In our study, a simple rule-based system was inadequate to identify prediabetes discussions due to poor specificity. In contrast, all ML methods performed well, with 89% to 98% accuracy. This result demonstrates that prediabetes discussions, despite a variety of documentation styles, can be identified using NLP pipelines. Logistic regression, an efficient conventional classifier with minimal technical dependencies, was statistically outperformed by CNN, a deep learning technique. However, both identified >95% of prediabetes discussions, suggesting that either method could be applied depending on system needs.

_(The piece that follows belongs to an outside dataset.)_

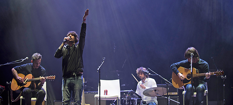 De Granada precisamente llegaban Lori Meyers, últimos en sumarse al multitudinario cartel tras presentar su nuevo disco el pasado viernes en La Riviera. Un breve set acústico con clásicos de su repertorio como "Luces de Neón", "Emborracharme" y la nueva "Siempre brilla el sol" servía de contrapunto a una noche que había comenzado con Teo Cardalda recordando a Golpes Bajos y a Cómplices; Rubén Pozo interpretando "Margot", de Pereza; y un espídico Bernardo Vázques de The Refrescos cantando, cuál si no, "Aquí no hay playa". Una banda base capitaneada por Charlie Bautista y Martí Perarnau permitió que durante más de 3 horas los líderes de bandas de distintas generaciones subiesen a defender sus mayores éxitos.

Our NLP tool has multiple applications. The simplicity of logistic regression allows for deployment in operational settings, particularly clinical decision support. The tool can also simplify the analytic process before and after a clinical intervention intended to change provider practices. For example, it can isolate discussions about prediabetes, a task that otherwise requires time-consuming manual review. The context of these discussions could then be reviewed to understand the impact of an intervention. This process would strengthen the evaluation of quality improvement programs for prediabetes to promote guideline-concordant care, which includes lifestyle counseling [3-7]. These methods should be replicable to identify conversations about behavioral interventions for other conditions, such as obesity, polysubstance abuse, or tobacco use, that rely heavily on counseling in addition to medication management and referrals.


Our study has several strengths. The keyword refinement stage was rigorous. We validated the initial keyword list against a random sample from 2 ambulatory clinics, ensuring we reviewed a variety of documentation styles. Manual annotation was performed by 2 experts to standardize our definition of “prediabetes discussion,” leading to improvement in IRR scores during training set development. We also identified false negatives and revised our initial keyword list accordingly to ensure capture of prediabetes discussions. Finally, we applied the search criteria developed during keyword refinement to a new set of notes from unique clinics to reduce overfitting. There was a total of 96 different providers included in the 930 unique note snippets, which allowed the model to learn the vocabulary and writing styles of many different clinicians.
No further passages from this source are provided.